Se llama María y es vecina de Puerto Real, Cádiz. “Para qué hacerles sufrir a mis hijos pensando que su madre tiene un ojo de mentira”, comenta sonriendo. Por su parte, Julio tiene las orejas de su madre, la nariz de su padre y los ojos de José Manuel, su optometrista. Perdió la visión con apenas catorce años y durante muchas décadas ha vivido recluido detrás de unas oscuras gafas de sol. Hasta que conoció a la persona que le devolvió la libertad en forma de dos ojos que no ven. Son azules, como los que recuerda que tenía de niño y apenas desentonan con su tez blanca o con las miles de canas que dan densidad a su tupida barba.
Así pasa desapercibido y evita tener que responder “preguntas inapropiadas”. Bajo unas cascarillas, unas prótesis, se esconden sus dos globos oculares atrofiados, fruto del paso del tiempo en dos ojos que un día vieron pero que perdieron su función por un problema de glaucoma congénito. El iris y la pupila se tornaron a blanco y Julio recurrió al negro de las gafas de sol para taparse.
“La gente piensa que esto es algo que afecta solo a nivel estético, pero eso no queda ahí, es algo más profundo”, argumenta Julio Cuder Morillo a sus 63 años. Acude a la consulta del doctor José Manuel Martínez Carvajal, el hombre que le devolvió sus ojos, acompañado de su perra lazarillo Cloe. “No poder ver es ya un hándicap muy considerable, pero hay otros factores colaterales que son tan graves como la pérdida de la visión”. Él los llama efectos sociales. “Nadie sabe cómo dirigirse a nosotros, como tratarnos… y el tener los ojos atrofiados te obliga a tener que responder a preguntas inapropiadas. Y todo eso es algo difícil de llevar”, detalla.
Julio recomienda el uso de las prótesis oculares que lleva. Una solución “para ir por el mundo sin mostrar una imagen con la que no estamos satisfechos”. “Psicológicamente ayuda mucho”.
En España apenas hay una decena de optometristas. La profesión, que tiene mucho de artesanía, se hereda de padres a hijos en la mayoría de los casos, lo que hacen de ella un oficio de difícil acceso. “Muy hermético”, comenta José Manuel, que sí logró vencer esas barreras e ingresar en el sector de las prótesis oculares.
800 euros por ojo
El sevillano José Manuel Martínez Carvajal ha hecho a lo largo de su carrera cientos de ojos.

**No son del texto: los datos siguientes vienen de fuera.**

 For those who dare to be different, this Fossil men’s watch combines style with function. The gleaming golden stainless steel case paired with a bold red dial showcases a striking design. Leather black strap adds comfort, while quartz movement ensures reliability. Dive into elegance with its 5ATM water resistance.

Tan fidedignos que sorprenden a sus propios compañeros oftalmólogos. Empezó, como hacen muchos, a tomar medidas y mandando a fabricar las prótesis a Barcelona, pero consiguió con el paso de los años abrirse hueco en la industria de forma autodidacta.

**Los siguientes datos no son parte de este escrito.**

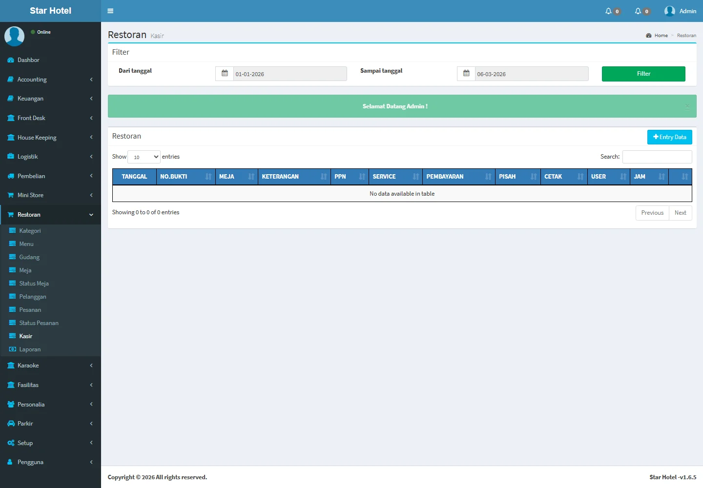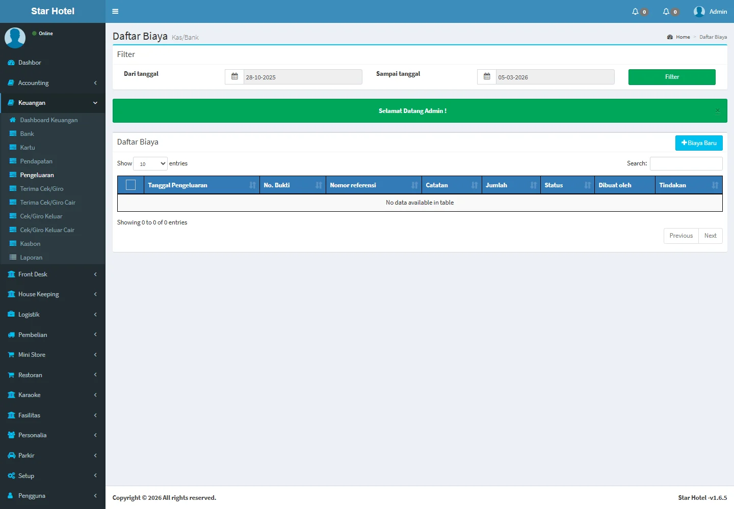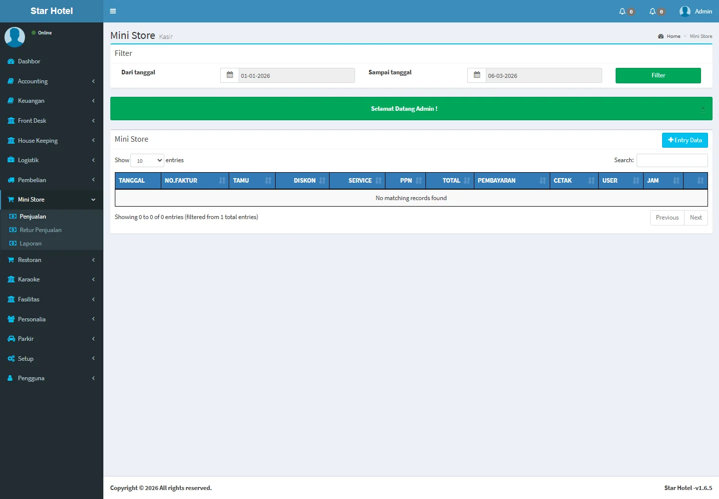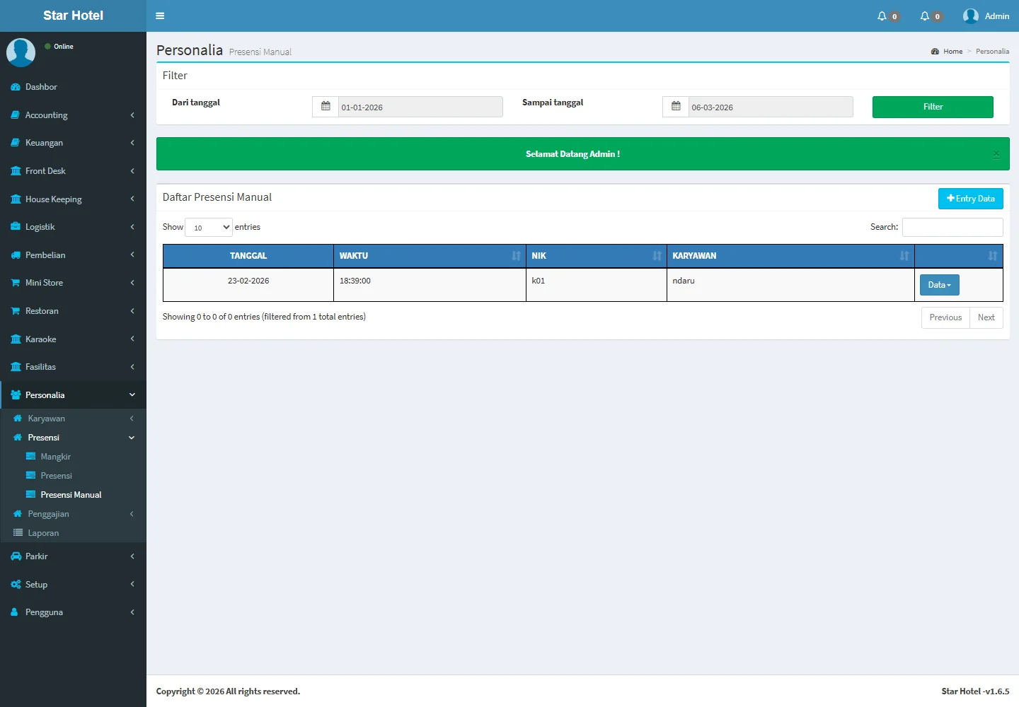 Starhotel dirancang untuk memudahkan pengelolaan hotel dalam satu platform terpadu. Tersedia lebih dari 15 modul penting, mulai dari Front Desk, Keuangan, Restoran, hingga Parkir. Semua terhubung dalam satu sistem yang rapi dan mudah digunakan.

“No existe ninguna formación académica específica que te prepare para ser optometrista; porque quienes se dedican a esto conforman un grupo muy cerrado que evita que los conocimientos se extiendan”, sostiene el especialista, que atiende casos de toda España, aunque principalmente de Andalucía, Extremadura y las Islas Canarias.

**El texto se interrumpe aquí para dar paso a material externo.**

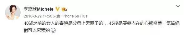 “40岁之前,女人的容貌是父母上天賜予的, 45岁之后是要靠内在的心态修养,气质绝对可以积累的。”
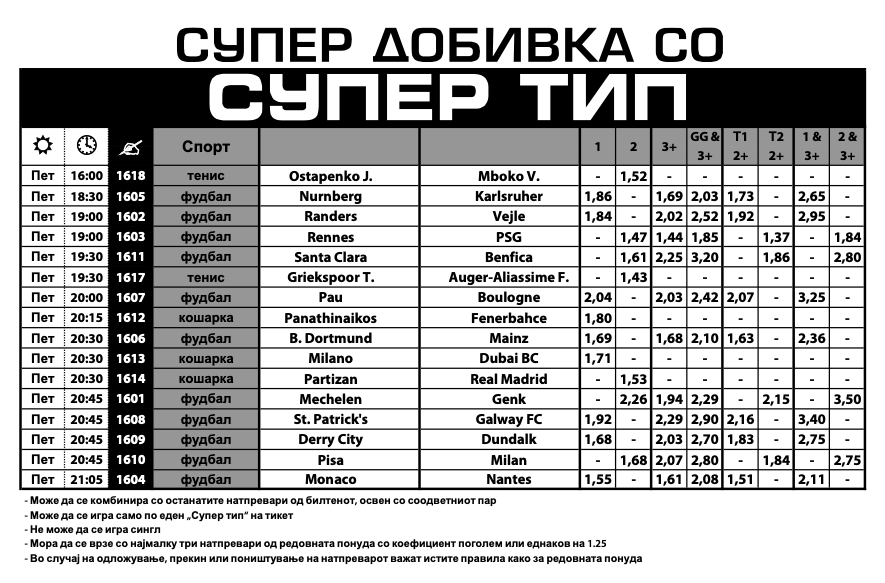 Во Супер типот за петок може да се најдат зголемени квоти на вкупно 60 игри.

El Virgen de Macarena de Sevilla es el hospital de referencia en el tratamiento de retinoblastoma, un tumor que se da en los niños y que acarrea la pérdida de uno o dos ojos, y hasta la consulta de Martínez Carvajal llegan muchos de los casos. Y las prótesis van saliendo a unos 800 euros por ojo, incluido el mantenimiento, que paga el sistema sanitario andaluz.
“Es una especialidad muy bonita, que te enamora por lo que tienes en las manos; el vínculo entre el paciente y el especialista es muy grande”, confiesa José Manuel.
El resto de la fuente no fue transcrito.